### Information given ###

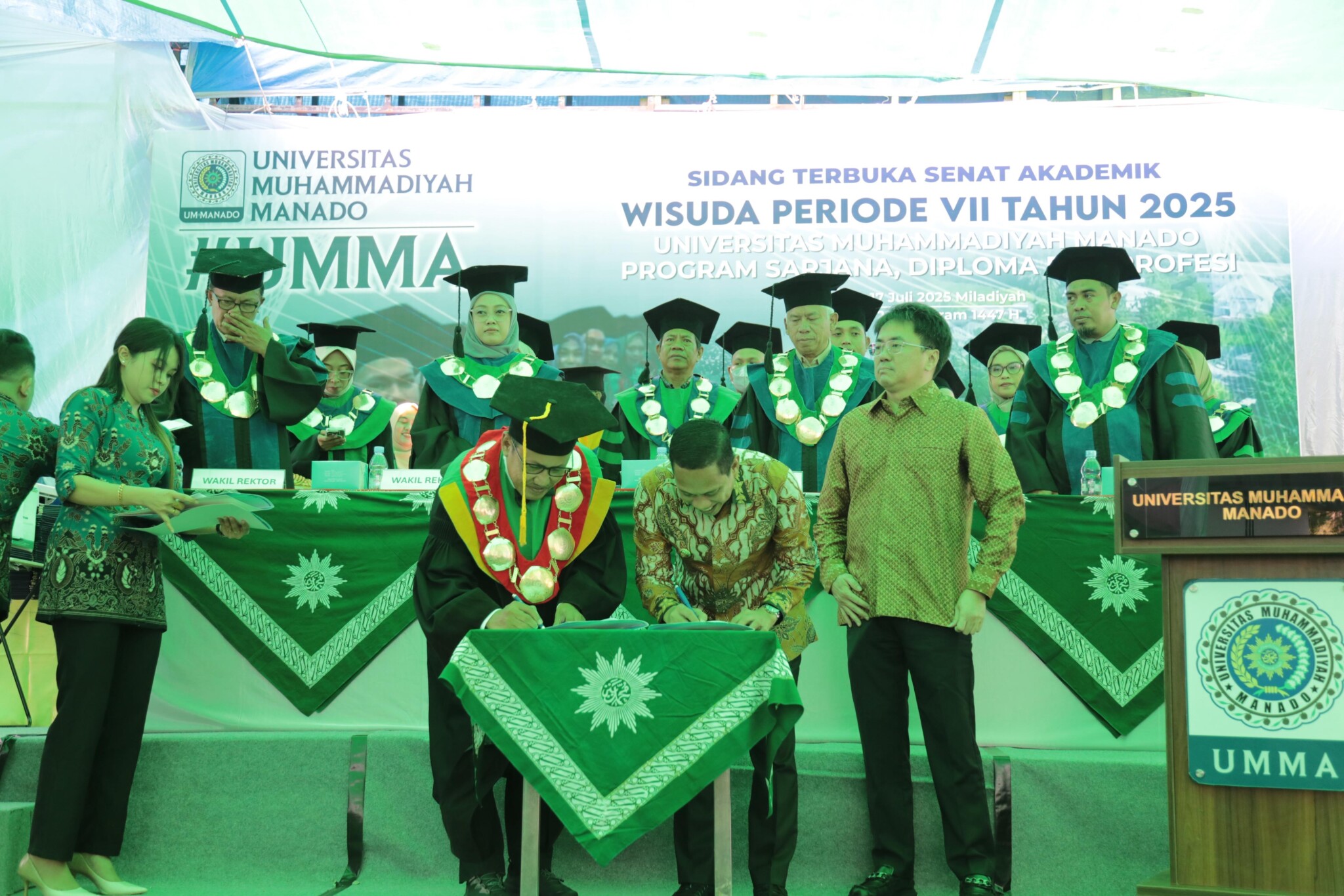 Penandatanganan yang disaksikan langsung oleh Wakil Menteri Pendidikan Tinggi, Sains, dan Teknologi Republik Indonesia, Prof. Dr. Fauzan, M.Pd ini, berlangsung dalam rangkaian kegiatan Wisuda Periode VII Universitas Muhammadiyah Manado Tahun 2025, untuk jenjang Sarjana, Diploma, dan Profesi.
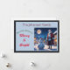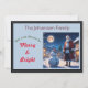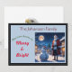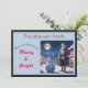 Una tarjeta de Navidad personalizada con Santa Claus y un muñeco de nieve parados en el pueblo en Nochebuena con luna llena.
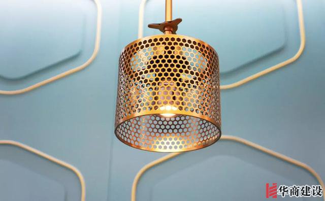天花板上金色的金屬吊燈和墻壁上的金色壁燈,細節(jié)處散發(fā)著精致感。
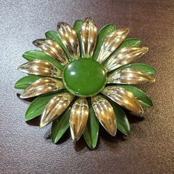 Vintage Green And Gold Metal Brooch$9Harlingen, TX
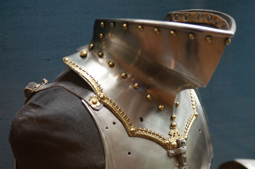 Речь идёт о горжете. В Средние века под горжетом подразумевали часть рыцарского доспеха — металлический воротник защищавший ярёмную впадину и горло воина. С развитием огнестрельного оружия, доспехи ушли в прошлое, а горжет превратился в символ рыцарского благородства.
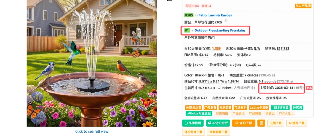 这是一个户外独立喷泉,发现它上架才十几天,订单已经冲到了1000+。这时候你想做的,不应该只是感叹一句这条链接起得真猛,而是要拆它到底怎么起的。
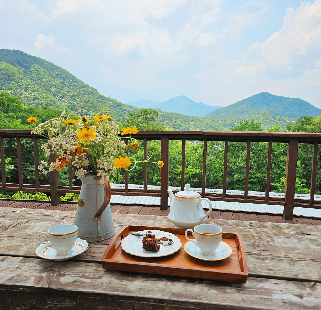 날이 좋을 때면 가족들과 함께 마당에 나가 커피나 차, 간단한 디저트를 나눠 먹는다. 이때는 강아지들도 함께 나와 마당을 산책하는데, 잔디 사이사이에 뿌려둔 간식을 찾아먹는 노즈워킹 시간이기도 하다. 요즘에는 마당에 넘치도록 핀 꽃 몇 줄기를 잘라 화병에 꽂아두는 엄마 덕분에 눈이 더 즐겁다. 음악을 틀지 않아도 새소리가 들리고, TV를 켜지 않아도 멋진 풍경이 보이는 마당에서 차를 마시고 있자면 시골에 살길 정말 잘했다는 생각이 든다.
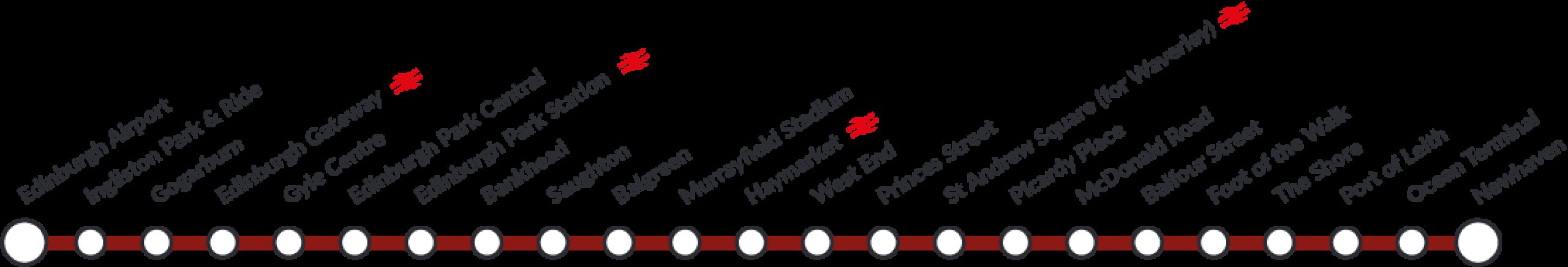 För att hitta anslutningar, tidtabeller eller officiella kartor, besök: edinburghtrams.com

###

**Problem description:**
Skip all pictures. Write out only the lines from the one containing "这是一个户外独立喷泉,发现它" to the end of the listing above, inclusive, exactly as given.

**Expected output:**
 这是一个户外独立喷泉,发现它上架才十几天,订单已经冲到了1000+。这时候你想做的,不应该只是感叹一句这条链接起得真猛,而是要拆它到底怎么起的。
 날이 좋을 때면 가족들과 함께 마당에 나가 커피나 차, 간단한 디저트를 나눠 먹는다. 이때는 강아지들도 함께 나와 마당을 산책하는데, 잔디 사이사이에 뿌려둔 간식을 찾아먹는 노즈워킹 시간이기도 하다. 요즘에는 마당에 넘치도록 핀 꽃 몇 줄기를 잘라 화병에 꽂아두는 엄마 덕분에 눈이 더 즐겁다. 음악을 틀지 않아도 새소리가 들리고, TV를 켜지 않아도 멋진 풍경이 보이는 마당에서 차를 마시고 있자면 시골에 살길 정말 잘했다는 생각이 든다.
 För att hitta anslutningar, tidtabeller eller officiella kartor, besök: edinburghtrams.com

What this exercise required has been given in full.